Charlotte Parmentier-Lecocq, ministre déléguée chargée de l'autonomie et des personnes handicapées. Je salue d'abord, madame la députée, votre mobilisation concernant les enjeux de santé publique. Vous êtes connue pour votre engagement dans la lutte contre le chemsex et sa prévention et vous vous consacrez ici au traitement d'un autre problème majeur de santé publique, qui touche particulièrement les jeunes femmes influencées par les réseaux sociaux.
Mme la ministre de la santé, Stéphanie Rist, m'a chargée de vous répondre en ce qui concerne les injections d'acide hyaluronique.
Il faut rappeler que ce sont en effet des actes esthétiques invasifs qui perforent la peau et qui peuvent, comme vous l'avez dit, entraîner des risques graves, jusqu'à la cécité ou l'accident vasculaire cérébral, l'AVC. À cause de ces risques, il importe de rappeler que seules les personnes médicalement autorisées – en pratique, les médecins – peuvent légalement les réaliser : toute injection esthétique réalisée par un non-médecin relève de l'exercice illégal de la médecine selon le code de la santé publique.
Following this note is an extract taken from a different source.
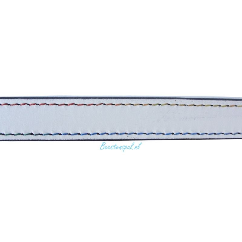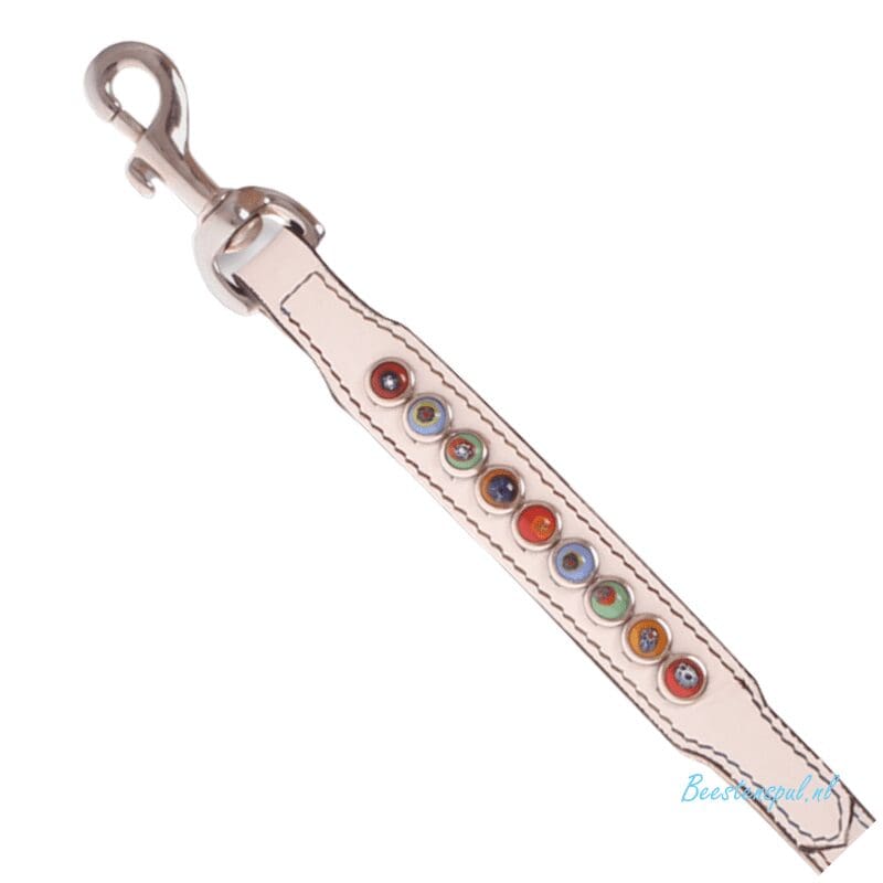 Stevige lijn, bij de musketon versierd met kleurige steentjes in een zilverkleurige setting.

Le problème que vous soulevez n'est malheureusement pas nouveau : le ministère avait déjà alerté le public en janvier 2022 et il continue de rappeler régulièrement la réglementation aux agences régionales de santé – ARS – ainsi qu'aux différents acteurs du système de santé. Des communications officielles du ministère, de la direction générale de la concurrence, de la consommation et de la répression des fraudes – DGCCRF – et de l'Agence nationale de sécurité du médicament et des produits de santé – ANSM – visent aussi à sensibiliser les consommateurs aux dangers inhérents à ces injections et aux pratiques frauduleuses.
Enfin, pour renforcer la sécurité, l'accès aux produits injectables à base d'acide hyaluronique est désormais restreint aux seuls professionnels de santé autorisés et sur prescription médicale – un décret est entré en vigueur en juillet 2024 à cet effet. À la suite du classement de ces produits comme implants par la Commission européenne, une mise à jour réglementaire est en cours pour permettre leur délivrance en pharmacie.
Plus largement, Stéphanie Rist et l'ensemble du gouvernement souhaitent mieux réguler la médecine esthétique à travers une définition claire de ses caractéristiques – qui permettra d'ailleurs de mieux la distinguer de la chirurgie esthétique –, l'identification des actes concernés pour encadrer la formation et les conditions de réalisation desdits actes et, enfin, le renforcement des règles de contrôle et de régulation.